Seqanswers Leaderboard Ad

Collapse

Announcement

Collapse
No announcement yet.
X
 
  • Filter
  • Time
  • Show
Clear All
new posts

  • #16
    Well, I'm rather sure that the problem came from the strand. I rerun ANNOVAR without the reverse sense information and I got no more this warning:

    perl ./annotate_variation.pl -geneanno $dir/$file humandb -build hg19
    NOTICE: Reading gene annotation from humandb/hg19_refGene.txt ... Done with 38781 transcripts (including 6123 without coding sequence annotation) for 23261 unique genes
    NOTICE: Reading FASTA sequences from humandb/hg19_refGeneMrna.fa ... Done with 160 sequences
    WARNING: A total of 319 sequences will be ignored due to lack of correct ORF annotation
    NOTICE: Finished gene-based annotation on 94 genetic variants in VICJE_missense211011/VICJE_strand_file
    NOTICE: Output files were written to VICJE_missense211011/VICJE_strand_file.variant_function, VICJE_missense211011/VICJE_strand_file.exonic_variant_function
    The point is that I don't want to loose half of the information...
    Could you suggest me something?

    Comment


    • #17
      Can you put your variants in excel and just change the strand yourself? Or write a script to do it? If you can put them in excel then you can sort everything by strand so the "-" strand variants will be together, then sort them by reference base so all the "- A" will be at the top, then the "- C", etc, and then change the reference bases to their complements. Then, sort again by the variant bases and change those to their complements.

      Comment


      • #18
        Well, I will write a script to do that. But it's weird that it is not possible to input "reverse sense" data ; isn't it very common?
        Does someone know if there is a tool handling "both kinds" of data?

        Comment


        • #19
          So sorry about reopening this treat... but I'm struggling with the warning about lack of correct ORF orientation...

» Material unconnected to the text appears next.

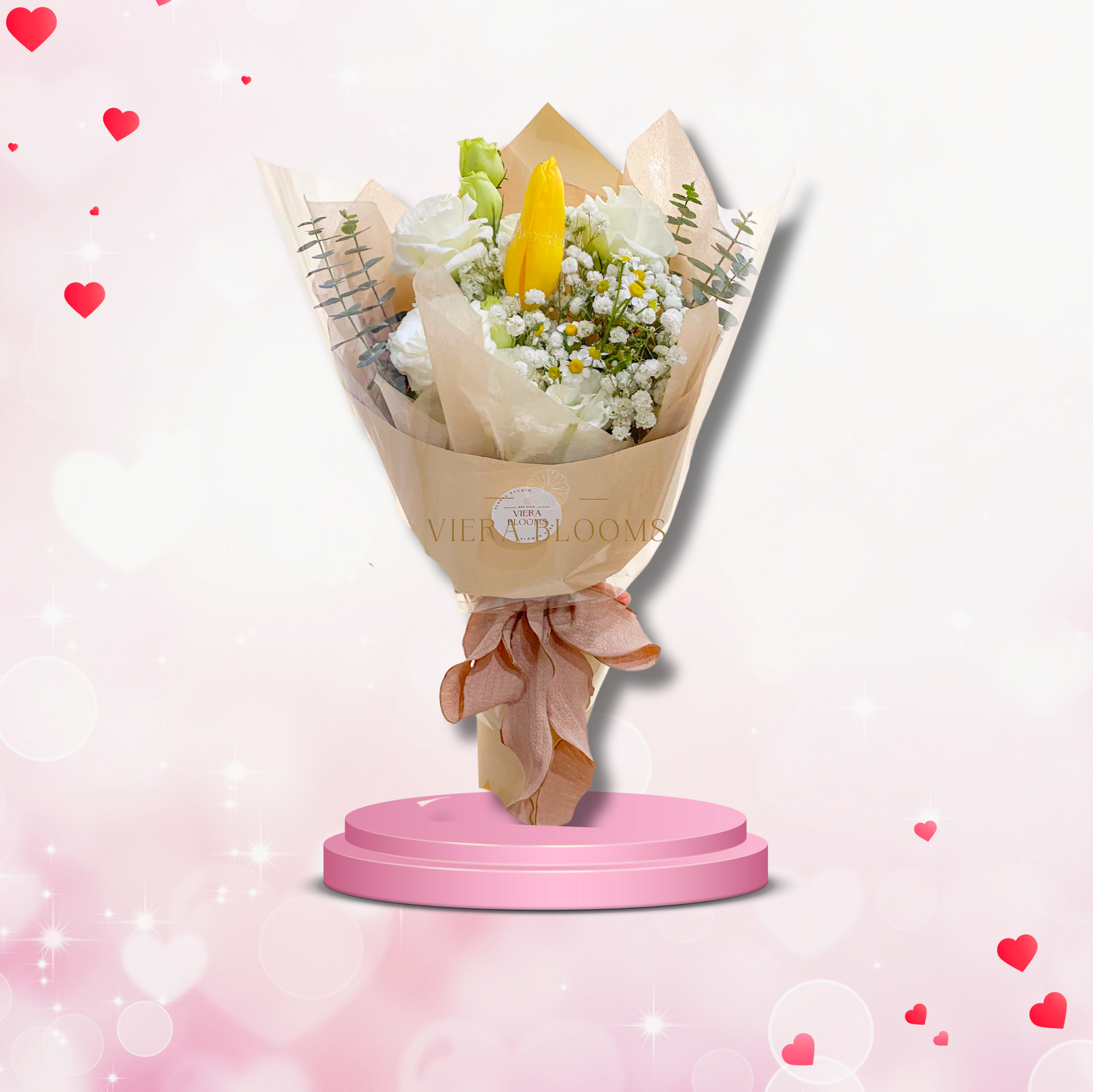 Single Tulip, Gypso,4 stems Lisianthus (5-7 heads) , Chamomile , Eucalyptus Leaves. Fresh Blooms that can last upto 3-4 days with minimal proper care.

          I don't understand at all if this entry on FAQ in the ANNOVAR website is related to my problem... and in the examples from the website the warning also appears...

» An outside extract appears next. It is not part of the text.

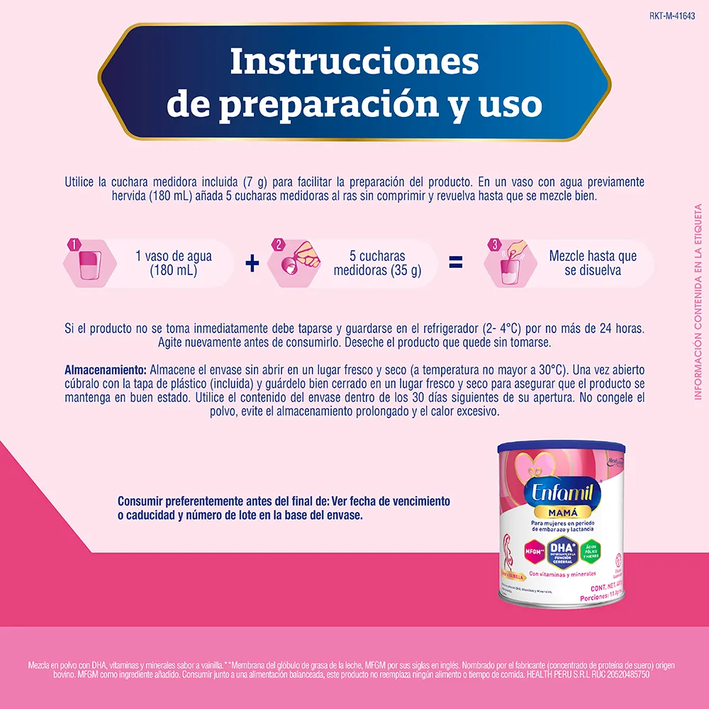 Enfamil Mamá es una mezcla en polvo con sabor a vainilla que aporta nutrientes importantes en el periodo de embarazo y lactancia como DHA, Ácido fólico, Hierro, Vitamina D y Calcio.

          Why ANNOVAR reports "unknown" in exonic_variant_function?

          "unknown" means that the gene structure is not correctly annotated (complete ORF information is not available). Previous versions of ANNOVAR will always give an answer such as non-synonymous SNVs, etc, but I got too many user emails complaining about "bugs" (even though ANNOVAR is innocent in this case). So after December 2011, if errors exist in gene structure annotation (RefSeq, Ensembl, UCSC, etc), ANNOVAR will just report unknown for exonic_variant_function; in other word, although the variant is clearly within an exon, we cannot say for sure how it affects protein sequence as the ORF annotation is not correct.

          Any insight, please? Thank you and sorry, again.

          Comment


          • #20
            Hi,

            when running annovar, I get the same warning about the lack of correct ORF annotation:

            perl annotate_variation.pl -geneanno -buildver hg19 -dbtype ensgene -outfile Genes.txt SNVs.txt humandb/


            NOTICE: Reading gene annotation from .../humandb/hg19_ensGene.txt ... Done with 195565 transcripts (including 100437 without coding sequence annotation) for 57528 unique genes
            NOTICE: Reading FASTA sequences from .../annovar/humandb/hg19_ensGeneMrna.fa ... Done with 230 sequences
            WARNING: A total of 6746 sequences will be ignored due to lack of correct ORF annotation
            NOTICE: Finished gene-based annotation on 239 genetic variants in SNVs.txt
            NOTICE: Output files were written to Genes.txt.variant_function, Genes.txt.exonic_variant_function

            I would think that the entry in the FAQ "Why ANNOVAR reports "unknown" in exonic_variant_function?" is related to that. My guess is that the warning indicates that for some SNVs it might not be possible to tell the consequence (e.g. nonsynonymous/synonymous), because the ORF annotation is not available.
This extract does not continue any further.